Tuesday, May 26, 2009

Uncovering Myths about Globalization testing- Input validation testing

This post is a continuation of my previous post on the same topic and is based on the real time myths about Globalization testing as i have experienced.
Myth 13- A tester can perform tests specific to text inputs for Localized applications using the similar approaches as the English language testing

The testing specific to Input field validation is an important form of testing in any Software application. An example of such testing can be suppose an application having a text field to input Credit card details and a tester can test the same by including various possible inputs to ensure that the valid data is being accepted by the application and the user is presented with a valid message indicating that the input is incorrect.
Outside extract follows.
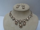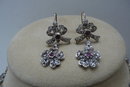 Beautiful Victorian Gold and Silver Necklace and earrings with Rubies and Diamonds. During the Victorian period there was no white gold and platinum wasn't really used in jewelry till the 20th century, so silver was added to the gold to create the white background. It is a charming and feminine and romantic set. It is in excellent condition with all the stones in tact. the necklace measures a little over 15". The earrings are 1 1/4" long and 3/4" at the widest part.

There are a several techniques that can be used to test this aspect of the application properly. Some available resources listed below-
Book: Lessons Learned in Software Testing Chapter-3 Testing Techniques Section- "How to create a Test Matrix for an Input field"
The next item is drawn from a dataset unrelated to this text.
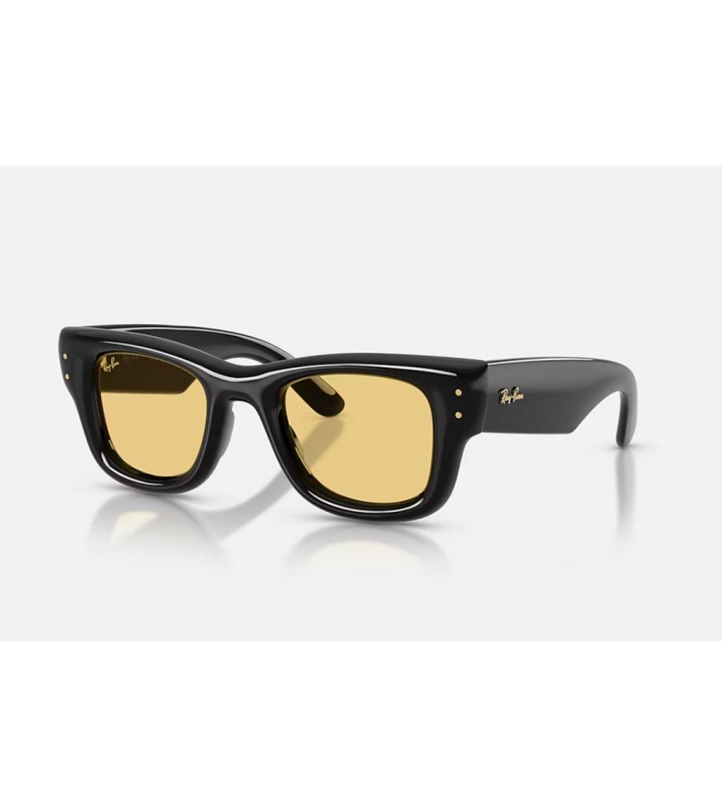 Occhiali da sole unisex puffer Ray ban in celluloide nero con lenti gialle.

What is an encoding system ?:
Though the known techniques do talk about usage of various types of inputs including Language reserved characters e.g. the characters specific to any language that a Software application may be supported such as German, Japanese etc. as these languages do have their own writing systems and character sets. It is of utmost importance to test a Localized application with the language specific characters as any user in any of the product's supported countries would expect the application to support data processing in their own native language e.g. a Japanese user using an email client would expect the application to support writing emails in the Japanese language, otherwise the customer may not find the application worthwhile at all.
One of the important aspects specific to Localized data processing that the known techniques do not specifically talk about is the dependency the Localized data has on the underlying encoding system in the application. If you are new to the term- "encoding system", please read below mini description from www.unicode.org-
Unicode provides a unique number for every character, no matter what the platform,no matter what the program, no matter what the language.
Fundamentally, computers just deal with numbers. They store letters and other characters by assigning a number for each one. Before Unicode was invented, there were hundreds of different encoding systems for assigning these numbers.

Does Unicode have different representations ?:
Unicode is actually an encoding system that encompasses virtually all the known character sets from different languages. There are several possible representations of Unicode data, including UTF-7, UTF-8, UTF-16 ,UTF-32 etc. Each of these different representations have its own advantages and disadvantages depending upon the context e.g.
UTF-8 is most common on the web. UTF-16 is used by Java and Windows. UTF-32 is used by various Unix systems.

Does encoding system representation affect the test data size ?:
One important fact to consider when testing the Input character set for an localized application is to know what type of encoding system is being used beneath. The reason why is it so important to know the underlying encoding system is that no. of bytes occupied for a certain character varies depending upon the encoding system used. Lets take a closer look at this statement by means of an example-
Take into consideration the following character from German language "ä". The byte count of this character depending upon the encoding system used is as follows-
UTF-16 Byte count for "ä"= 2
UTF-8 Byte count for "ä"= 2
UTF-7 Byte count for "ä"= 5

The above example shows that the encoding system do have an dependency on the no. of Bytes for a particular test character.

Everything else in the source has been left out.